One of Dorn’s favorite applications for EMFs is new chemical catalysts. In high school chemistry class, he was probably the kid who blew things up. Having created an elegant new molecule, he’s come up with a way to use it by destroying it. The results are nano-scale catalysts, which were never before possible. The well-known and effective catalysts, lanthanum and cerium, and corresponding oxides, usually require water as a solvent to transfer them to a surface. However, because these metals have high melting points, Dorn has demonstrated that they can be put inside buckyballs, which are evaporated onto a surface, and then heated to burn away the carbon cage — leaving a nano-scale catalytic thin film.

For example, catalysts could be delivered to convert methane to higher-value fuels and chemicals. Methane is now burned off rather than transported from distant oil fields. Dorn explains that methane is a simple molecule with one carbon atom. Adding seven carbon atoms would convert it to valuable liquid octane. Adding even one carbon atom would convert methane to ethane, which is still a gas but is useful in organic synthesis, as a fuel, and in refrigeration. Some metal oxides can transfer carbon atoms. EMFs could be used to deposit these metal oxides on porous surfaces over which methane would pass.

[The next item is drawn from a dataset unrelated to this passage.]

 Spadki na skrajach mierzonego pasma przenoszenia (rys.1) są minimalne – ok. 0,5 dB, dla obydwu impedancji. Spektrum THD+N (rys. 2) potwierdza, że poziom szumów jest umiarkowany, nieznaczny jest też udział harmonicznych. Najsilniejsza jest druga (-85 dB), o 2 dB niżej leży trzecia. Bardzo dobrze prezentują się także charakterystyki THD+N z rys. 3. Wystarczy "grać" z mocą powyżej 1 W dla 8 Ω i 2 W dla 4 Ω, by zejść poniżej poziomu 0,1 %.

EMFs might also deliver better catalysts into catalytic converters to help these devices become more efficient in converting combustion byproducts to harmless compounds.

“The catalysis is not unique, but we would be delivering them to support surfaces in an entirely different way,” Dorn says.

The next step

Luna Innovations Inc., a company started by electrical engineering professor Kent Murphy, has licensed the process for creating TNT fullerenes and is working on increasing quantities. The above applications will eventually require hundreds of thousands of kilograms. Luna expects to produce thousands of grams within five years. In the meantime, “research studies only require milligrams, so if you have a gram, you can do thousands of studies,” says Heflin.

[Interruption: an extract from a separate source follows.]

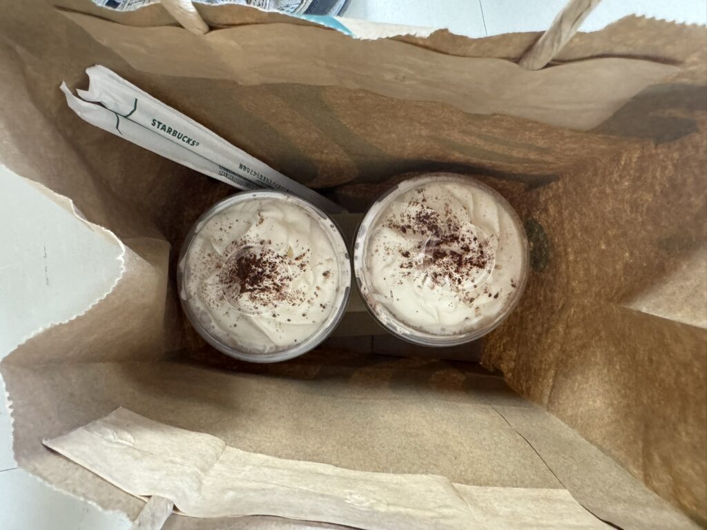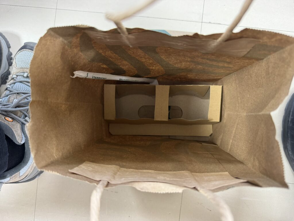 I spend a moment lost in translation as I attempt to ask for those little cardboard drink trays. But when I ask for a tray, I’m given a cafeteria tray that clearly isn’t meant to leave the dining area. They offer bags, and I’m skeptical – but they genuinely have bags that properly carry drinks:

Since the early days of the “taking what you can get” approach to creating EMFs, Dorn’s team has been able to engineer the process so they can get more of what they want, improving yields of target EMFs by a factor of 10. “Once you isolate something that is valuable, you tune up the process so you get the target compound in preponderance,” says Gibson. “It’s not as neat as rational synthesis — building an EMF an atom at a time — but, so far, it’s faster and more successful.”

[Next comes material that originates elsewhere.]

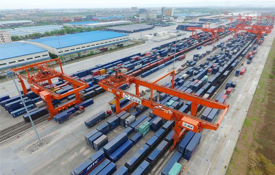 La foto muestra contenedores en un centro ferroviario de contenedores en el distrito de Qingbaijiang en Chengdu, capital de la provincia de Sichuan, al suroeste de China. Este centro de contenedores sirve como un centro logístico ferroviario en el suroeste de China. (Xinhua / Xue Yubin)

Luna has started Luna nanoMaterials to commercialize EMF products, including organic LEDs and solar cells, nonlinear optical materials, and nanotubes for electromechanical devices, and it provides the nanomaterials to government and industry researchers. Steven Stevenson, formerly Dorn’s postdoctoral associate and co-inventor of the TNT process, heads the Luna carbon nanomaterial commercialization effort.

Carbon is a well understood material, but nanoscale use and combinations of materials present many unknowns. How will various hybrid materials respond electronically? How will self-assembly properties (attraction between materials) be changed? What is the impact of materials and what is the impact of new molecular structures or architectures?

“Over the next five years, our vision is to develop the knowledge base for making tailored endohedral materials, assemble them into novel nanostructures and devices, and apply them,” says Dorn. “It is apropos that R. Buckminster Fuller is the father of synergetics, since both the endohedral structures and our team are synergistic entities.”

Equally apropos is Heflin’s nano wrap: “Harry excels at pulling diamonds out of the soot.”